Пройдя в Советском Союзе сквозь лагерную «зону» и полуподпольное существование, Игорь Губерман изящно отомстил режиму: после его гариков (кстати, впервые в истории имя поэта стало названием поэтической формы) русский мат окончательно стал частью русского литературного языка. Сильные чувства и страсти отнюдь не мешают поэту разговаривать с грубым миром на его же грубом языке. Читатель расценивает это адекватно: не как нападение на чистоту, а как нравственную самозащиту от пошлости. Причина огромного поэтического успеха Губермана, таким образом, не в его новаторстве, а в его традиционализме: его гарики чрезвычайно близки всей русской лирике, как высказывание страдающего, но не изверившегося человека.

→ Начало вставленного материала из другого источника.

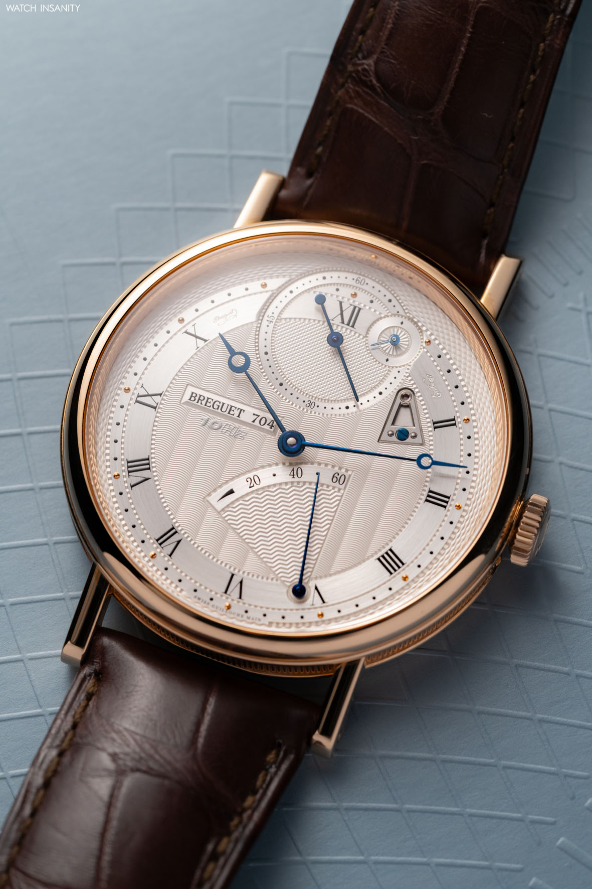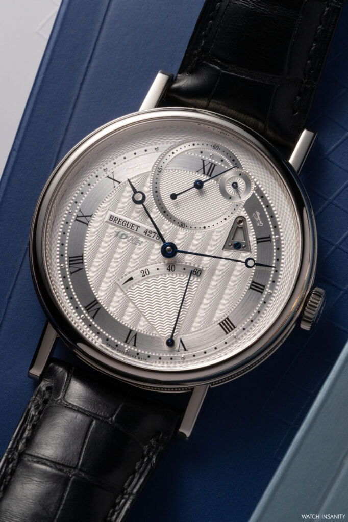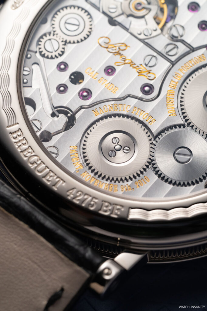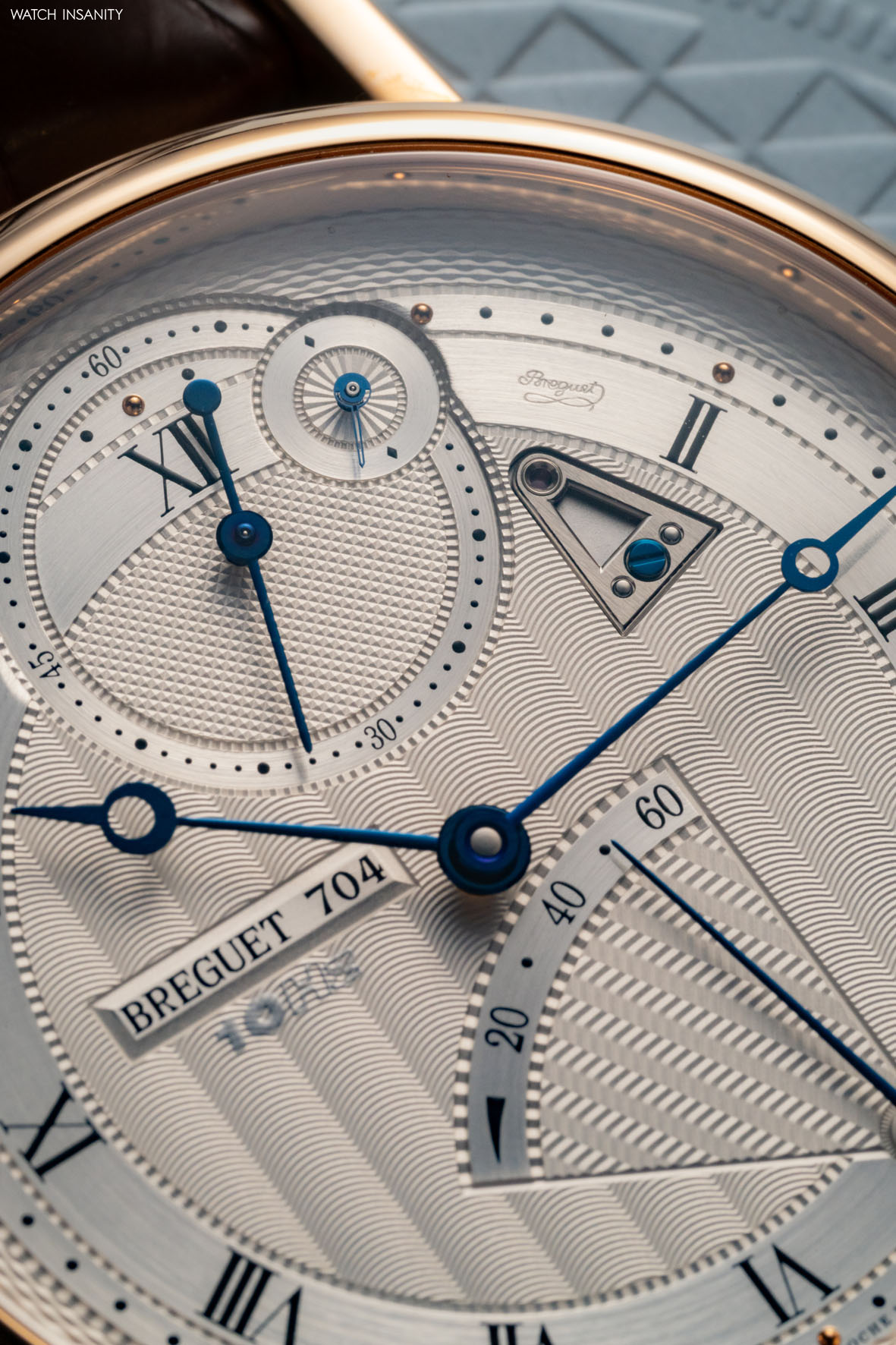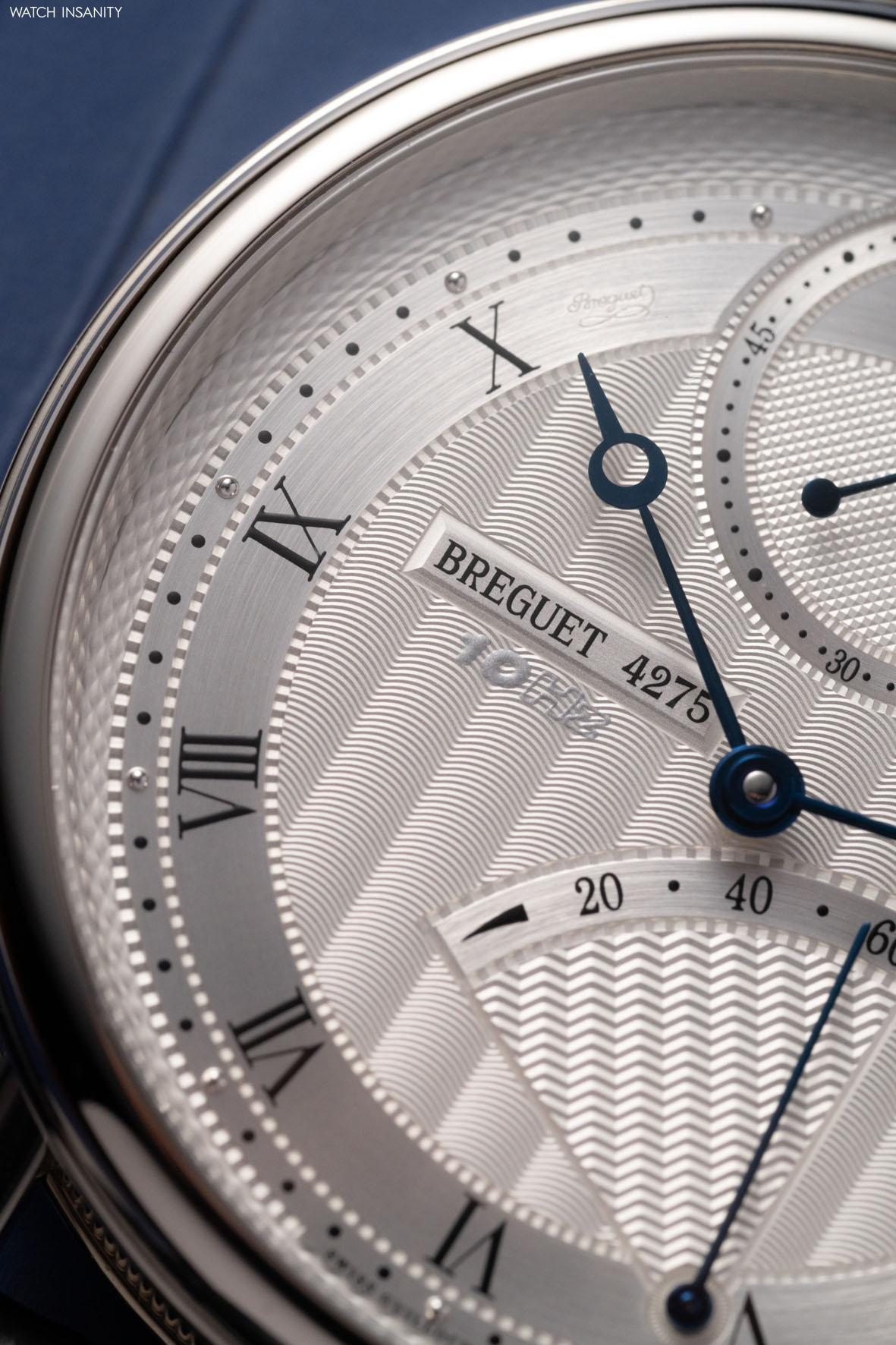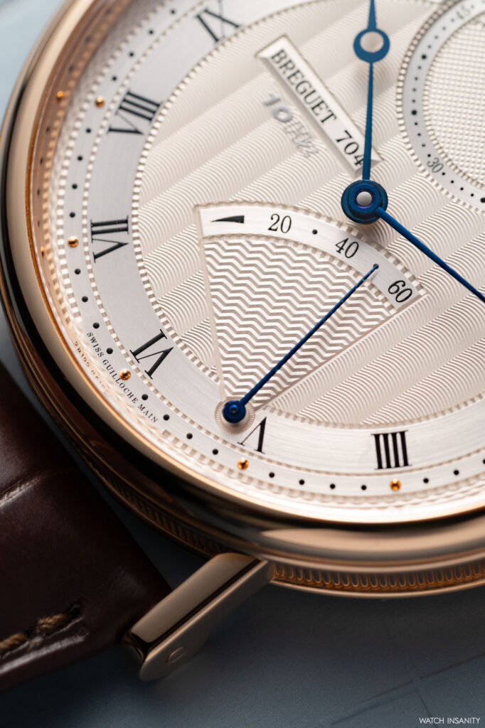 Ogni dettaglio estetico del quadrante conferma immancabilmente che siamo di fronte a una creazione firmata Breguet. Il quadrante è rifinito a mano e ospita sei diverse lavorazioni: vagues de Genève per la parte centrale, clous de Paris per il contatore dei secondi, guillochage soleil per il contatore dei decimi di secondo e guillochage en chevrons per il “ventaglio” della riserva di carica. Inoltre, il giro delle ore presenta il motivo a guillochage liseré, mentre il bordo esterno è decorato con grains d’orge.

— Ваши гарики — настольная книга большинства русскоязычных читателей планеты... И замирая от страха, спрошу, не делали ли вы себе славу?
— Я считаю это случайностью и отношусь к ней со смехом.

— Будете смеяться, даже когда узнаете, что собирают деньги на прижизненный вам памятник?
— Не дай бог. Засрут голуби. Участь всех памятников. Будет стоять смешная колобашка с птичьим говном. Чего ж тут хорошего?

Повсюду, где забава и забота,
на свете нет страшнее ничего,
чем цепкая серьезность идиота
и хмурая старательность его.
Гниенье основ — анекдота основа,
а в нем стало явно видней,
что в русской комедии много смешного,
но мало веселого в ней.
Виселица

— Все минуты с вами меня не оставляет ощущение, что вы очень спрятанный человек. Что это — маска, которую вы надели в мою честь? Она единственная?
— У вас иллюзия, что я спрятанный человек. Я очень распахнутый человек. Да мне и нечего прятать.

— А деньги? Если бы я попросил у вас денег, вы дали бы?
— Если бы вы осмелились, этот эпизод я попросил бы исключить из интервью. Я не скажу, как я поступил бы, знаю только, что деньги надо давать тайно. Деньги, если они кому-нибудь даются, нужно давать, чтобы другие не видели, как даешь деньги. Это совершенно однозначно. Я знал людей, которые приходили на день рождения и демонстративно дарили пачку денег — я видел, как Михалков подарил пачку пятирублевых бумажек (чтобы была потолще) старику Крученых... По-моему, ничего мерзее я в жизни не видел.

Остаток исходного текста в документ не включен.